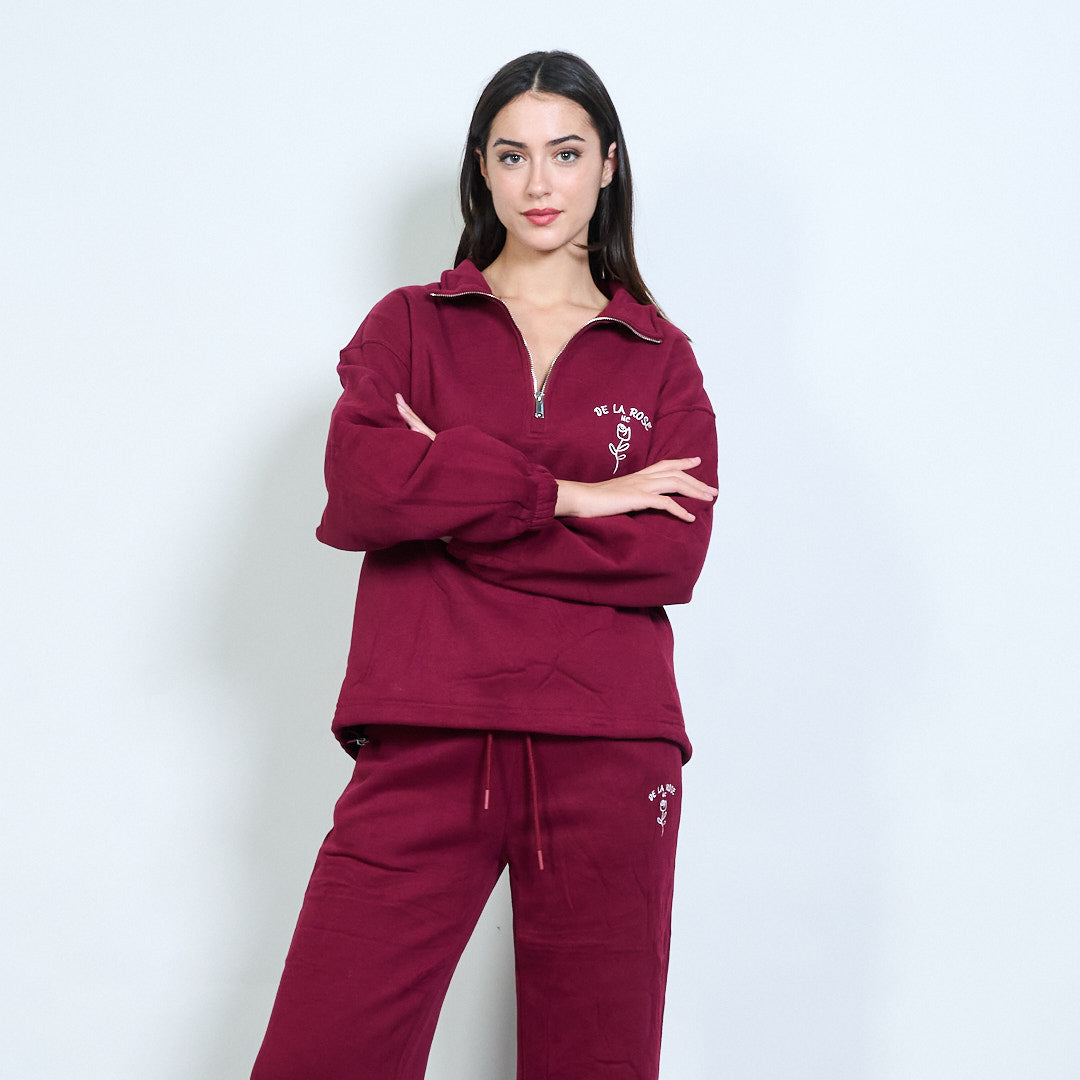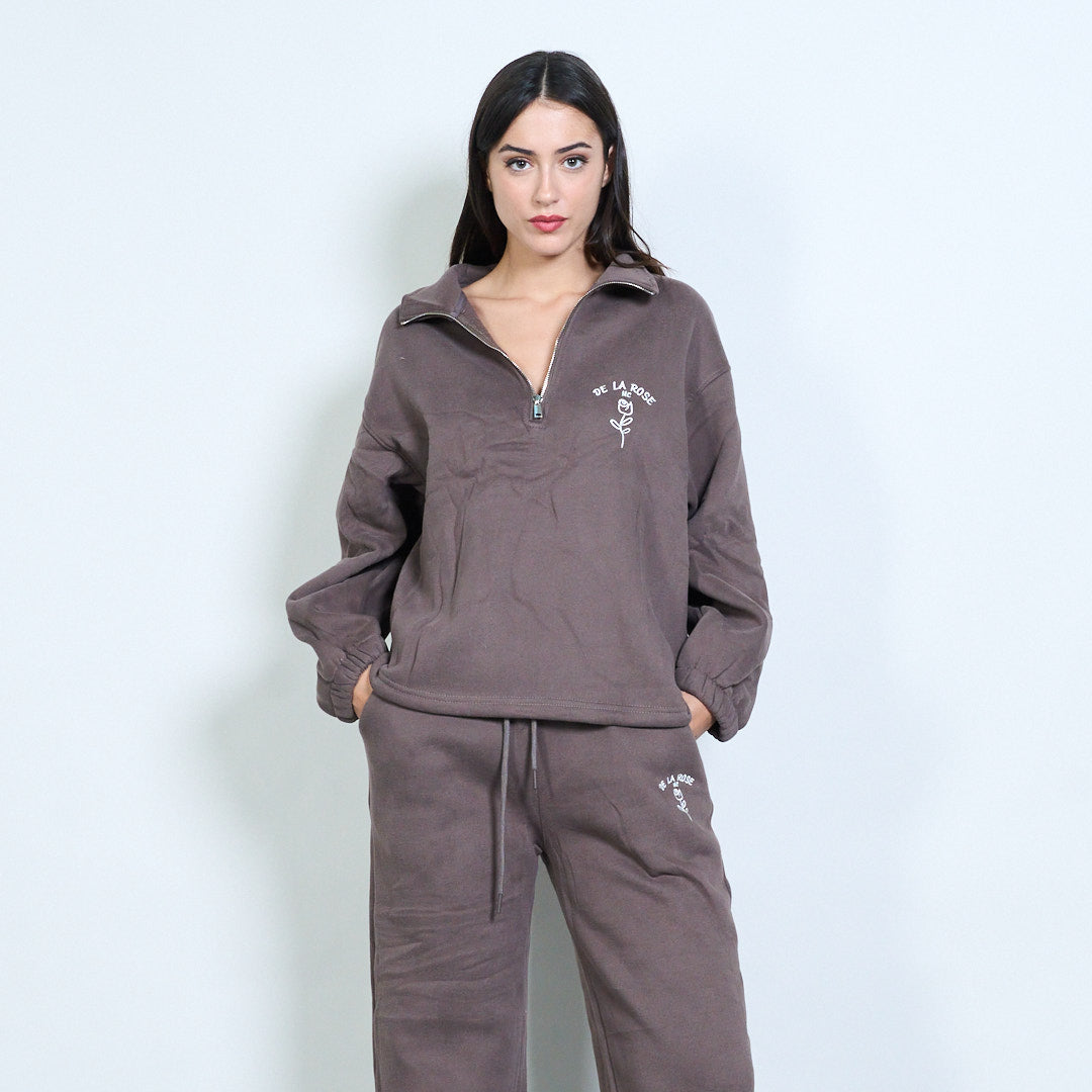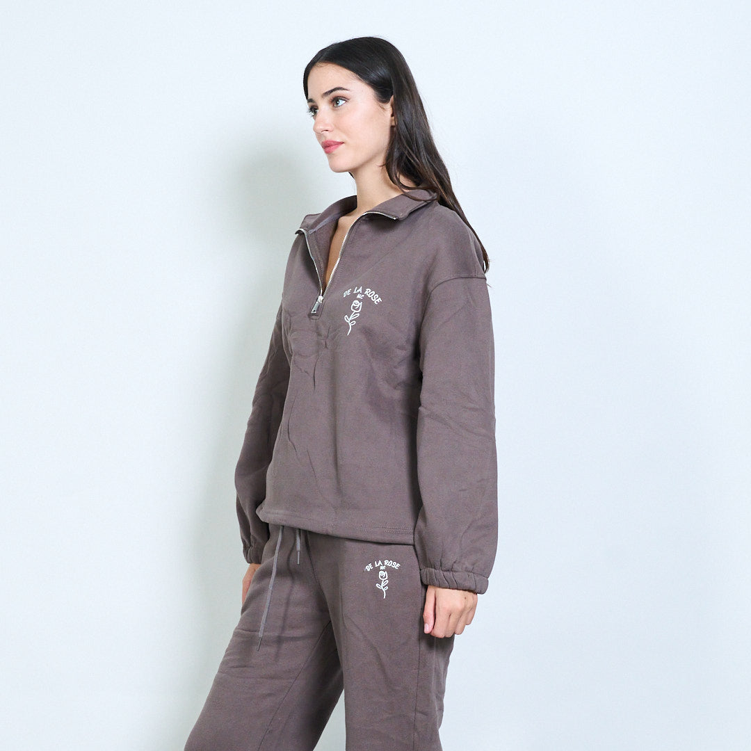 Puolivetoketjulla brodeerattu rento collegepaita ja housutsetti tukkumyynti
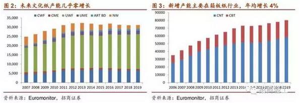 基于2019年新增產(chǎn)能計(jì)劃,從下圖來看,未來2年新增產(chǎn)能主要是箱板紙,2017年5000萬噸達(dá)到2019年5600萬噸左右,過去3年箱板紙行業(yè)需求增長一般維持在2~3%左右,其中最大的推動(dòng)因素是快遞行業(yè)。我們認(rèn)為,造紙行業(yè)整體供需格局依然穩(wěn)健,供應(yīng)壓力主要體現(xiàn)在包裝紙行業(yè)上,而文化紙行業(yè)新增產(chǎn)能幾乎為零,如果假設(shè)未來紙品需求依然穩(wěn)健,未來造紙行業(yè)供需壓力無須過于擔(dān)心。
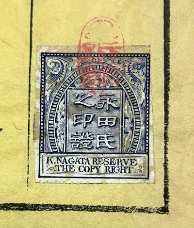 濃藍色単色、周囲は唐草模様、中央枠内に "永田氏之印證"、下部に "K. NAGATA RESERVE THE COPY RIGHT" とある。
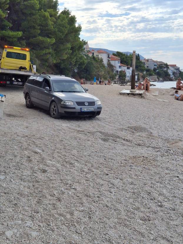 Bisera sa sezone nikad dosta, a ovaj put radi se o Poljaku koji je auto parkirao na plaži u Stobreču - pa zaglavio. Od čitatelja doznajemo da je autom stigao skoro do mora, a kad je shvatio da je zapeo, zvao je šlep službu.
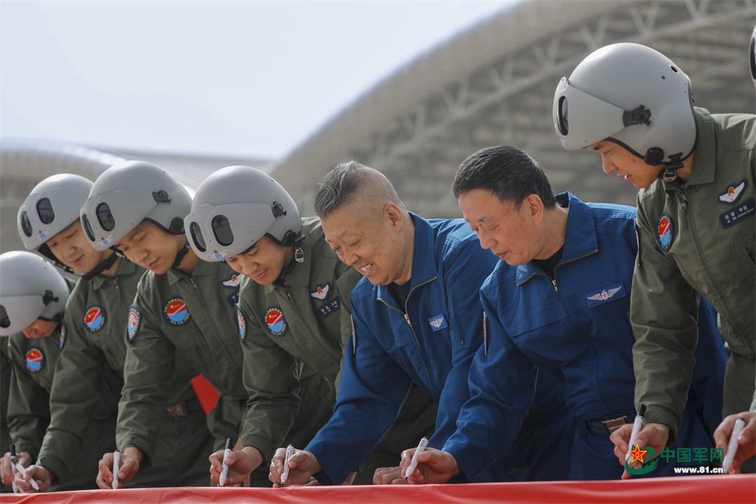 五四青年節前夕,航空兵某團組織“神威傳承”教育儀式。儀式現場,新老飛行員在“年輕鷹陣在黨旗指引下高飛遠航”橫幅上簽名。朱姜海 攝
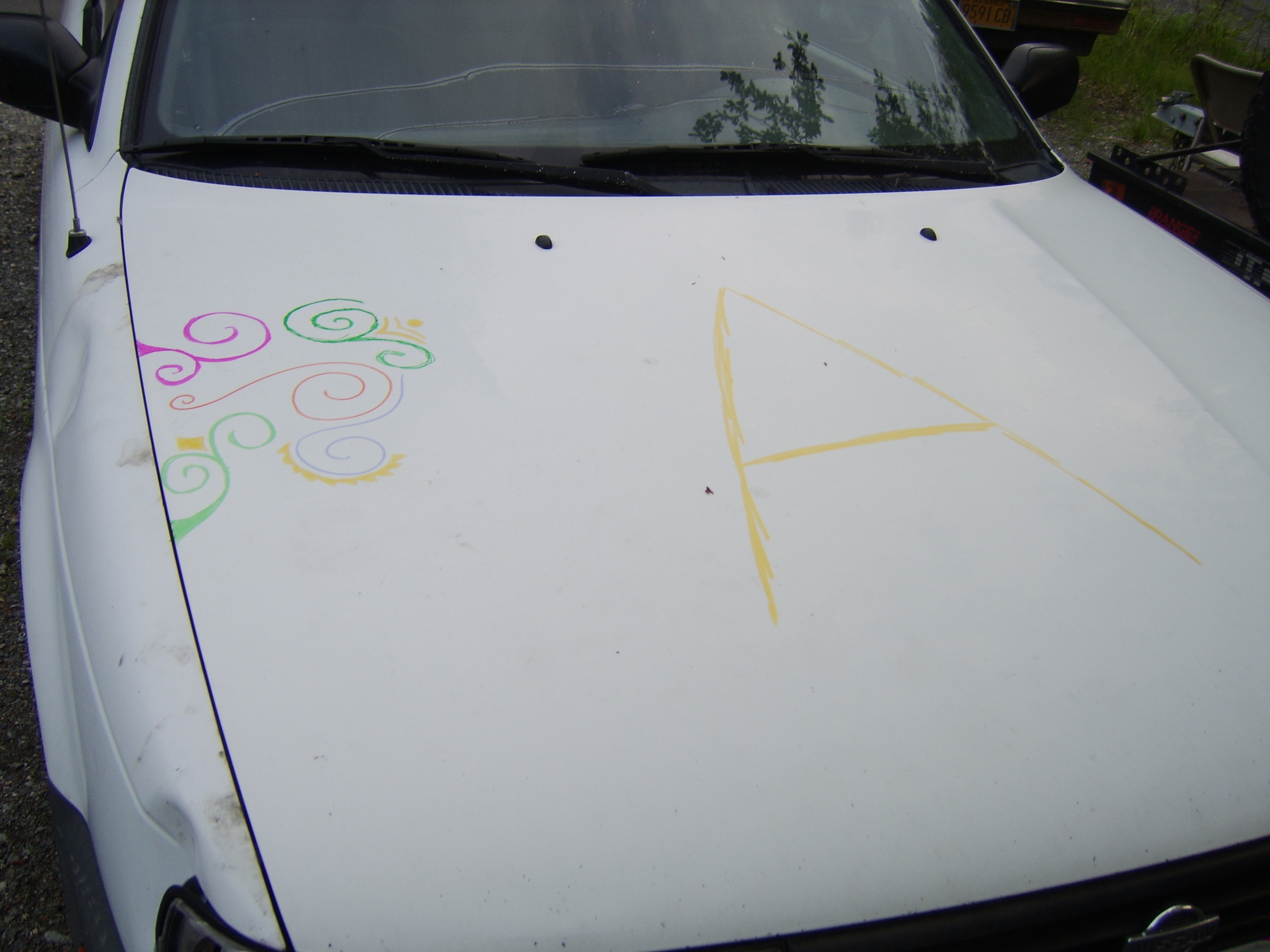 here's the doodles on the front. I like spirals a lot. I like answers. I like having answers, and finding them. The A also corresponds with the Q in the back.
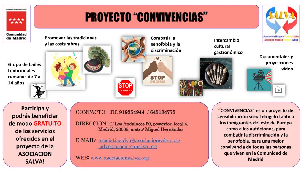 27-01-2022 Os presentamos otro de nuestros proyectos para este año, “CONVIVENCIAS” es un proyecto de sensibilización social dirigido tanto a los inmigrantes del este de Europa como a los autóctonos, […]
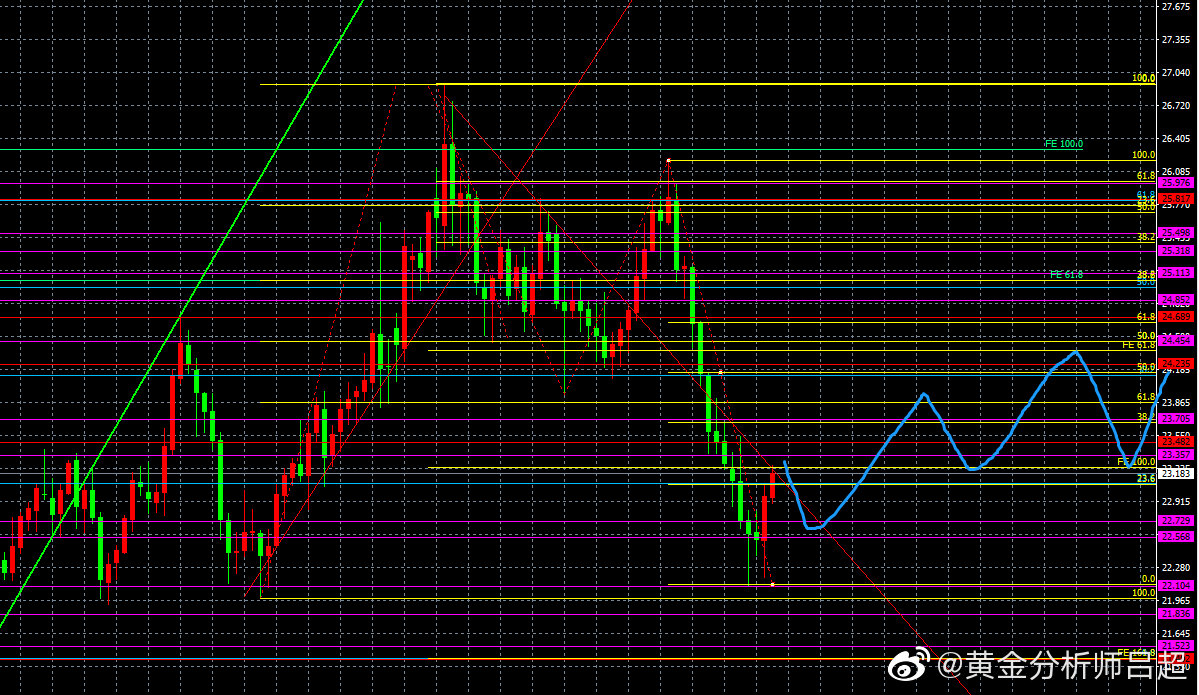 1、趋势分析。昨日银价二次下探后,大幅拉升,日k线收一根长下影的大阳线,覆盖了前两个交易日的阴线,形成了强烈的底部信号。这意味着银价急跌行情波段结束。我们以黄金分割回调曲线测算26.20-22.10美元区间,那么随着银价进入底部反弹回升的行情阶段,至少要向38.2%-50%水平回探,该位置在23.70-24.20美元区间。接下来,可以利用银价每一次回落的机会在22.30-22.80美元区间布局多头仓位。考虑到白银属于急跌急涨的属性。预计不会 经过太久的震荡运行,就会大幅拉升至50%水平附近。

> _What you should do_: Repeat only what lies between the start of the data and the end of the line containing "NAGATA RESERVE THE", exactly, with pictures left out.

> _Finished task_:
 Puolivetoketjulla brodeerattu rento collegepaita ja housutsetti tukkumyynti
 基于2019年新增產(chǎn)能計(jì)劃,從下圖來看,未來2年新增產(chǎn)能主要是箱板紙,2017年5000萬噸達(dá)到2019年5600萬噸左右,過去3年箱板紙行業(yè)需求增長一般維持在2~3%左右,其中最大的推動(dòng)因素是快遞行業(yè)。我們認(rèn)為,造紙行業(yè)整體供需格局依然穩(wěn)健,供應(yīng)壓力主要體現(xiàn)在包裝紙行業(yè)上,而文化紙行業(yè)新增產(chǎn)能幾乎為零,如果假設(shè)未來紙品需求依然穩(wěn)健,未來造紙行業(yè)供需壓力無須過于擔(dān)心。
 濃藍色単色、周囲は唐草模様、中央枠内に "永田氏之印證"、下部に "K. NAGATA RESERVE THE COPY RIGHT" とある。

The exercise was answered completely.